Column numbers aren't displayed in this notebook, but the error is at the ampersand in `Law & Order`.  As it turns out, ampersands are special characters in XML code, and need to be escaped specially.  We could do some manual replacement of characters with the appropriate XML escapes, but that sounds like a lot of work and a lot of room for error.  So instead, let's just use an HTML parser, which I've already tested and can verify does in fact work.

Fortunately, our document structure is so simple that we can just hack this together with regular expressions.  This will be fast, but **is not** how we should in general deal with problematic XML or other markup files--we'd want to use some of Python's more rudimentary tools, like the base HTML or XML parsers, and overwrite their functionality (e.g. by subclassing).

We'll create a list of dictionaries (think JSONs), which we can easily pass into Pandas to make a big, beautiful, glorious Dataframe object (which we'll save to a .csv so we can re-open it directly later).  We'll work from this Dataframe for the rest of this demo.

In [89]:
%%time

import os
import re

from tqdm import tqdm_notebook as tqdm
import pandas as pd

# pre-compile patterns we'll use a lot--for speed
date_finder = re.compile(r"^<date>(.*?)</date>$", re.MULTILINE)
post_finder = re.compile(r"^<post>$(.*?)^</post>$", re.MULTILINE|re.DOTALL)
whitespace_cleaner = re.compile(r"\s+", re.MULTILINE)

def process_file(infile):
    # get the user metadata from the filename
    metadata = os.path.split(infile)[-1].split(".")
    text = open(infile, "r", encoding="ISO-8859-1").read()
    dates = date_finder.findall(text)
    posts = post_finder.findall(text)
    # assert check will crash our program if it fails--use to make sure our approach works!
    assert len(dates) == len(posts)
    blog_data = [
        {
             "Author ID" : metadata[0],
             "Gender"    : metadata[1],
             "Age"       : int(metadata[2]),
             "Industry"  : metadata[3],
             "Sign"      : metadata[4],
             "Date"      : dates[i],
             # all whitespaces to a single space.
             "Post"      : whitespace_cleaner.sub(" ", posts[i])
        }
        for i in range(len(dates))
    ]
    
    return blog_data

blog_dataframe = pd.concat(
    pd.DataFrame(process_file(i))
    for i in tqdm(files, desc="Generating Dataframe from blog posts...")
)
print("Casting Date column to datetime format...")
print("Saving blog dataframe to Blog Data.csv...")
blog_dataframe.to_csv("Blog Data.csv", index=False)
blog_dataframe

Casting Date column to datetime format...
Saving blog dataframe to Blog Data.csv...
Wall time: 2min 24s


There are a lot of entries in this dataframe.  And the dataframe itself is 765MB on my machine.

In [90]:
num_words = sum(len(i.split()) for i in blog_dataframe["Post"])
num_authors = blog_dataframe['Author ID'].nunique()
print(f"Number of posts:             {blog_dataframe.shape[0]:,}")
print(f"Number of authors:           {num_authors:,}")
print(f"Approximate number of words: {num_words:,}")

Number of posts:             681,288
Number of authors:           19,320
Approximate number of words: 136,854,709


Now, let's look at some of the ways we can process this text with various libraries.  We'll use the very first blog post as an working example to show what some of these processes do.

In [91]:
demo_post = list(blog_dataframe["Post"])[0]
print(demo_post)

 Well, everyone got up and going this morning.

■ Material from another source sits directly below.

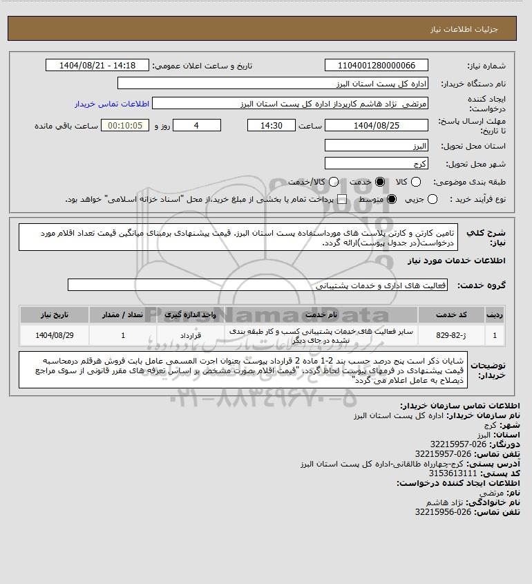 تلفن:5- 88349670 (021) فکس: 88349673 (021) Website: www.ParsNamadData.com E-mail: Info@ParsNamadData.com استعلام تامین کارتن و کارتن پلاست های مورداستفاده پست استان البرز.

It's still raining, but that's okay with me. Sort of suits my mood. I could easily have stayed home in bed with my book and the cats. This has been a lot of rain though! People have wet basements, there are lakes where there should be golf courses and fields, everything is green, green, green. But, it is supposed to be 26 degrees by Friday, so we'll be dealing with mosquitos next week. I heard Winnipeg described as an "Old Testament" city on urlLink CBC Radio One last week and it sort of rings true. Floods, infestations, etc., etc.. 


For any NLP or data mining tasks with language, we want to reduce the complexity and dimensionality of the text.  This in turn reduces the _sparsity_ of our data when we get to whatever modeling work we want to do with it, which means our models will be less likely to overfit to our data.

Most text mining is primarily centered around the _content_ of the text, moreso than it _structure_ or _form_.  As such, most preprocessing pipelines will focus on preserving the semantic content over other elements of the text.  Some common preprocessing steps:
* Convert to lowercase
* (Sometimes, but not always) Remove accented characters
* Tokenize, i.e. split a doucment into a list of tokens (words, punctuation, etc)
* Remove tokens:
  * _Stopwords_ (generally, _function_ words), e.g. "the", "a", "to", etc.
  * Words with very low frequencies (contain very little information, and are not useful)
  * Words with extremely high _document-wise_ frequencies (these don't help us discriminate between documents in our corpus)
* Stem, or lemmatize, the text (not always--depends on the analysis!)
  * Stemming is significantly faster, but lemmatization can be more accurate.
  * But for downstream tasks and analysis, both stemming and lemmatization tend to perform about the same.
* Generate a _vectorized_ representation of the text--e.g. Bag-of-Words, Word2Vec, Doc2Vec, GloVe, etc.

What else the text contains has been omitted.